***** Records for processing *****
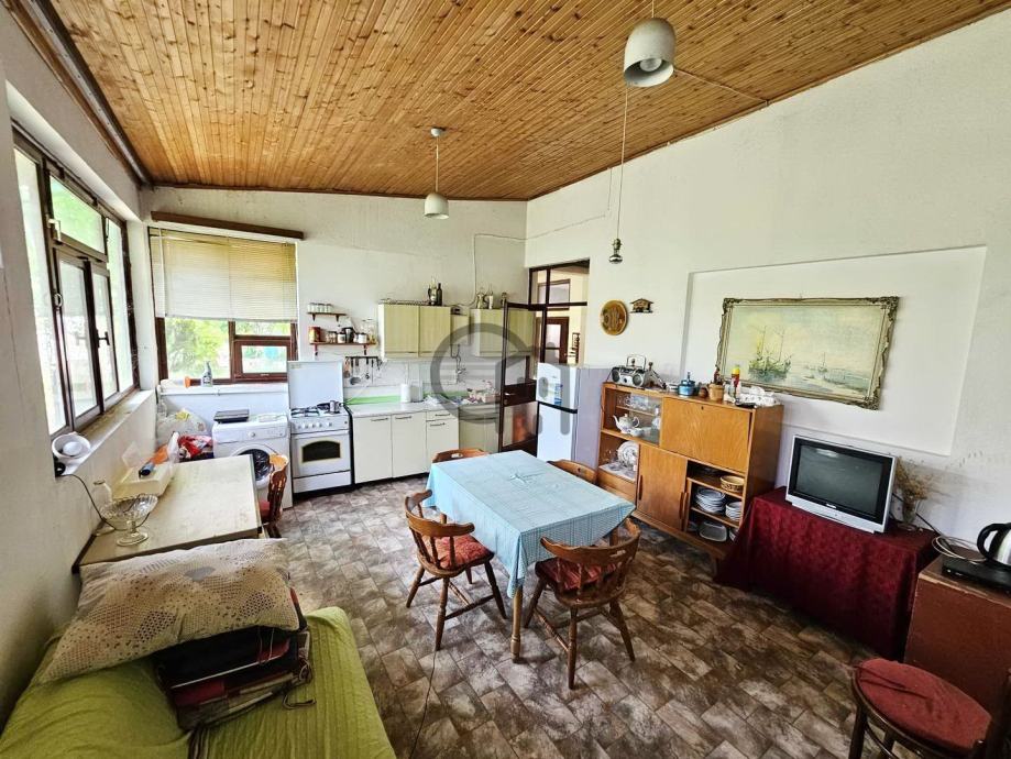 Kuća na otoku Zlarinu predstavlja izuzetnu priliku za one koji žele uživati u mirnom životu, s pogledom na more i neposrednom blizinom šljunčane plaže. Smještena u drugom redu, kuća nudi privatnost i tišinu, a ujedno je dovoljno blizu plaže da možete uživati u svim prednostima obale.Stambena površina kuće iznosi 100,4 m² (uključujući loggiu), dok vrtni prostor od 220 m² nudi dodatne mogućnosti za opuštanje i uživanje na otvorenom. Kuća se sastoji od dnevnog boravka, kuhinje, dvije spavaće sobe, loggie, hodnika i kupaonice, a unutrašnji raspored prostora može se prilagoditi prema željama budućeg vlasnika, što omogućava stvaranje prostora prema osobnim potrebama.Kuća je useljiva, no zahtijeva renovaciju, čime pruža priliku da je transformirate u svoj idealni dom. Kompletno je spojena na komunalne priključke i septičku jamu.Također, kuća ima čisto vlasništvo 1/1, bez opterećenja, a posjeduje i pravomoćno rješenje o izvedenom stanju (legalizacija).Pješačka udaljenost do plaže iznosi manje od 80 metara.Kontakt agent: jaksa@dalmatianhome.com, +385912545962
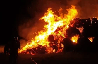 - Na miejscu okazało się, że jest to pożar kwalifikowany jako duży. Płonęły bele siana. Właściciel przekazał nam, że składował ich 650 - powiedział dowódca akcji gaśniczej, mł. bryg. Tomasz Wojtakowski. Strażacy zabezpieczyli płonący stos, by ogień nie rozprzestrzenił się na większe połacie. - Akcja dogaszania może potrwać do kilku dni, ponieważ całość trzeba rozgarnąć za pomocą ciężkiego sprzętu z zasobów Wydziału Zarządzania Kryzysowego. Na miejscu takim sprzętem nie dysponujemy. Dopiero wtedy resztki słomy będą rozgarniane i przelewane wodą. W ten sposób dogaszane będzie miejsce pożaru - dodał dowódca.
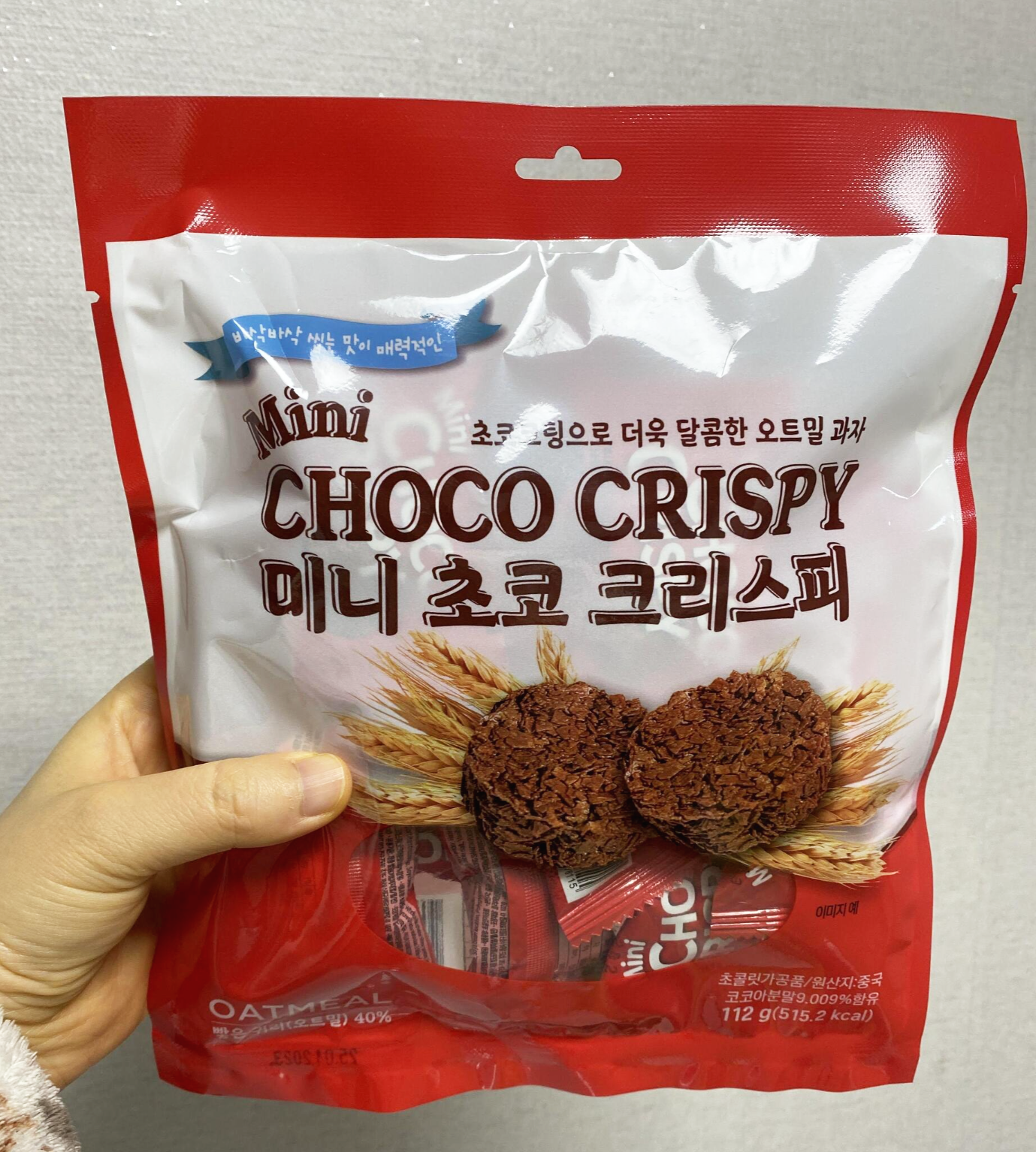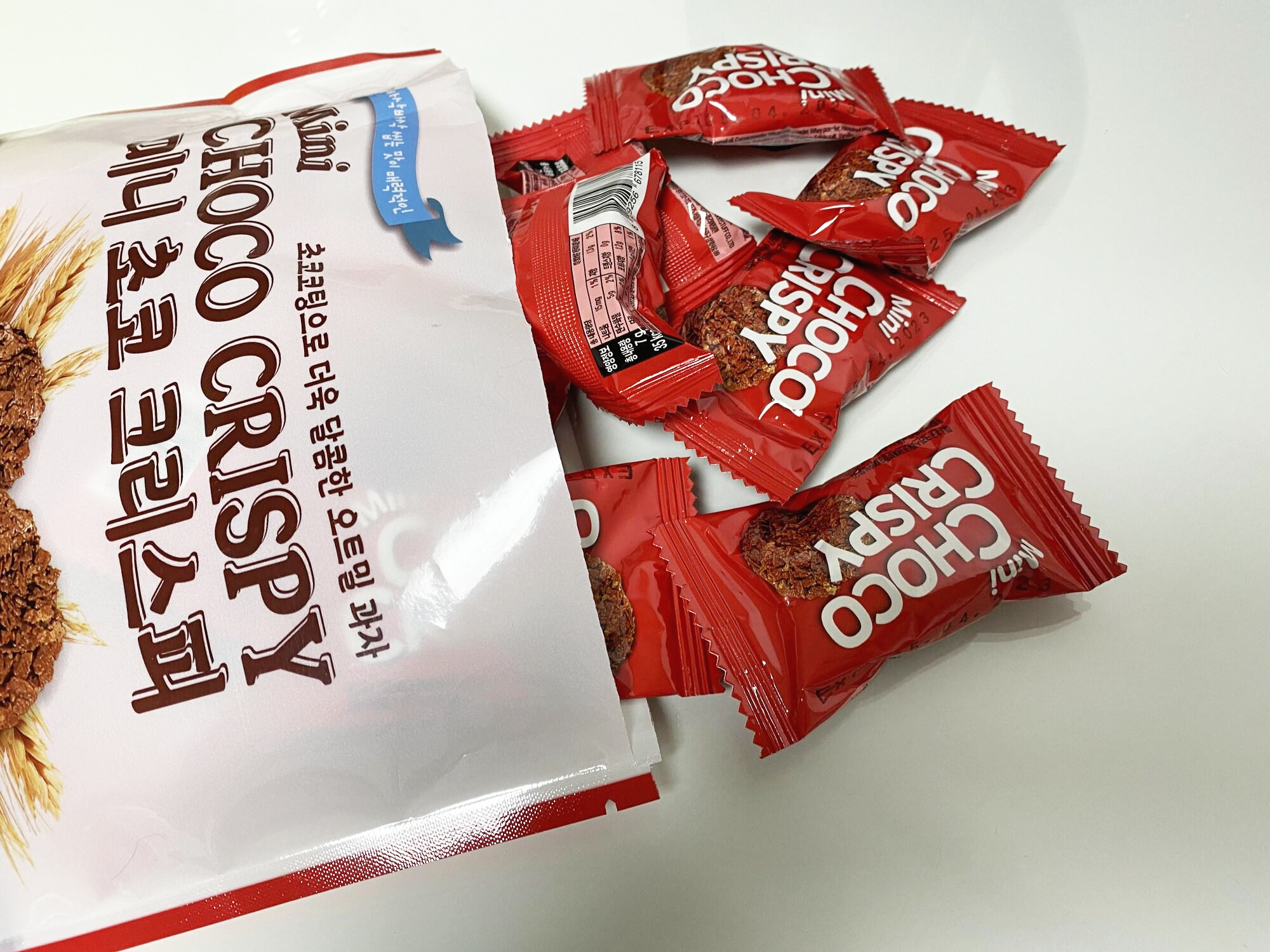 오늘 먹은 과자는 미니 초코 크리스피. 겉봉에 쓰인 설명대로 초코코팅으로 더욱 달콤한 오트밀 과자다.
*****
***** Records for processing *****
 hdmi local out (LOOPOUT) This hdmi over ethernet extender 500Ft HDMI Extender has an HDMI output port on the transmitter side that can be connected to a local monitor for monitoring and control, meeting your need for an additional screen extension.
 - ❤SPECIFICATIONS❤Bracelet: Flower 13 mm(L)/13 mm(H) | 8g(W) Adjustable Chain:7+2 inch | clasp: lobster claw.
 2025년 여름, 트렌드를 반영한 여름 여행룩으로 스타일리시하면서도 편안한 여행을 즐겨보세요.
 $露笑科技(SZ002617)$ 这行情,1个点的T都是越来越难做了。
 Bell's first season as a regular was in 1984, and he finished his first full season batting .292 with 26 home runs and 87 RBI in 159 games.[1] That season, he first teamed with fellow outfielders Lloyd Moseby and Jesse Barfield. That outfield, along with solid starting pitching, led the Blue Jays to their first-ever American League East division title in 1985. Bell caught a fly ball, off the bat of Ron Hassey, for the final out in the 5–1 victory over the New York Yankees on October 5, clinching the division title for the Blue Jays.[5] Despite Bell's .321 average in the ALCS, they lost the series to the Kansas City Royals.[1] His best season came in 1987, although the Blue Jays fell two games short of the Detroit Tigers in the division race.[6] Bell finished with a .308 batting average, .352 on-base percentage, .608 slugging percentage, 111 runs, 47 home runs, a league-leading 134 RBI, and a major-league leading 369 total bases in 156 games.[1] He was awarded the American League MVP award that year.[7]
*****
• _Work to complete_:
Copy word for word the stretch of entries above from the line that has "hdmi local out" through the line that has "Bell's first season", both ends included, and nothing outside it.

• _Response to this exercise_:
 hdmi local out (LOOPOUT) This hdmi over ethernet extender 500Ft HDMI Extender has an HDMI output port on the transmitter side that can be connected to a local monitor for monitoring and control, meeting your need for an additional screen extension.
 - ❤SPECIFICATIONS❤Bracelet: Flower 13 mm(L)/13 mm(H) | 8g(W) Adjustable Chain:7+2 inch | clasp: lobster claw.
 2025년 여름, 트렌드를 반영한 여름 여행룩으로 스타일리시하면서도 편안한 여행을 즐겨보세요.
 $露笑科技(SZ002617)$ 这行情,1个点的T都是越来越难做了。
 Bell's first season as a regular was in 1984, and he finished his first full season batting .292 with 26 home runs and 87 RBI in 159 games.[1] That season, he first teamed with fellow outfielders Lloyd Moseby and Jesse Barfield. That outfield, along with solid starting pitching, led the Blue Jays to their first-ever American League East division title in 1985. Bell caught a fly ball, off the bat of Ron Hassey, for the final out in the 5–1 victory over the New York Yankees on October 5, clinching the division title for the Blue Jays.[5] Despite Bell's .321 average in the ALCS, they lost the series to the Kansas City Royals.[1] His best season came in 1987, although the Blue Jays fell two games short of the Detroit Tigers in the division race.[6] Bell finished with a .308 batting average, .352 on-base percentage, .608 slugging percentage, 111 runs, 47 home runs, a league-leading 134 RBI, and a major-league leading 369 total bases in 156 games.[1] He was awarded the American League MVP award that year.[7]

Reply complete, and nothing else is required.